Renaissance European music theory term to describe pitches

Musica ficta (from Latin, "false", "feigned", or "fictitious" music) was a term used in European music theory from the late 12th century to about 1600 to describe pitches, whether notated or added at the time of performance, that lie outside the system of musica recta or musica vera ("correct" or "true" music) as defined by the hexachord system of Guido of Arezzo.

==Modern use==
Today, the term is often loosely applied to all unnotated inflections (whether they are actually recta or ficta notes; see below) that must be inferred from the musical context and added either by an editor or by performers themselves. However, some of the words used in modern reference books to represent musica ficta, such as "inflection", "alteration", and "added accidentals" lie outside the way many Medieval and Renaissance theorists described the term.

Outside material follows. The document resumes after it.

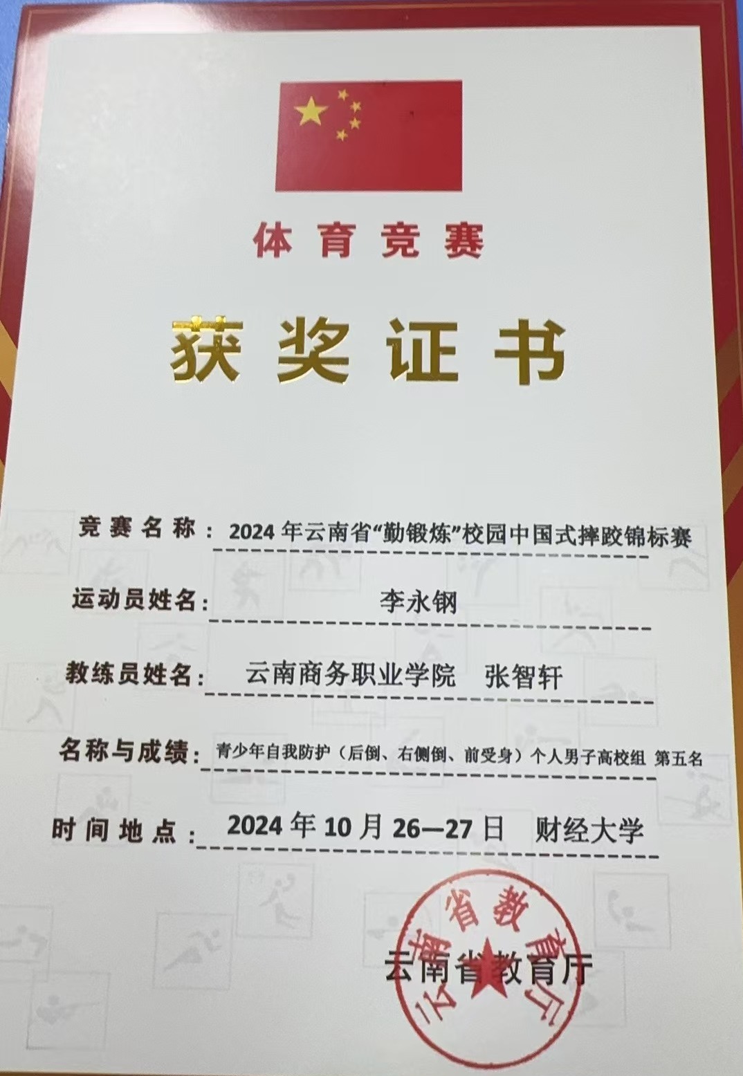 在竞争激烈的男子单人组赛事中,李永钢同学不畏强手,奋力一搏,最终荣获“青少年自我防护(后倒、右侧倒、前受身)个人男子高校组第五名”。

==Historical sense and relation to hexachords==
Throughout the period that incorporated musica ficta, singers sight read melodies through a series of interlocked hexachords that formed the backbone of the solmization system—a method that eventually became the modern system of tonic sol-fa. To sing notes outside the recta pitches of the gamut (the range generally available to composers and performers, i.e., from G at the bottom of the modern bass clef to E at the top of the treble clef), performers had to invoke "fictive" hexachords to sing pitches such as F♯ or E♭. Hexachords normally were formed only on C, F, and G, and the interval pattern within each of these hexachords was always tone-tone-semitone-tone-tone, which was sung as ut re mi fa sol la. Hence, if singers needed to sing the pitch F♯, they had to think of the half step between F♯ and G as the solmization syllables mi and fa, for mi-fa always represented the half step within a hexachord. When they did this, they invoked a nominal hexachord starting on the note D, and this hexachord was considered fictive because it contained a false or fictitious F♯ (that is, a pitch that did not belong to the recta notes of the gamut). Moreover, since the hexachord built on F naturally contained a B♭, music based on a scale involving the soft or F hexachord had the pitch B♭ as part of the recta notes of the scale.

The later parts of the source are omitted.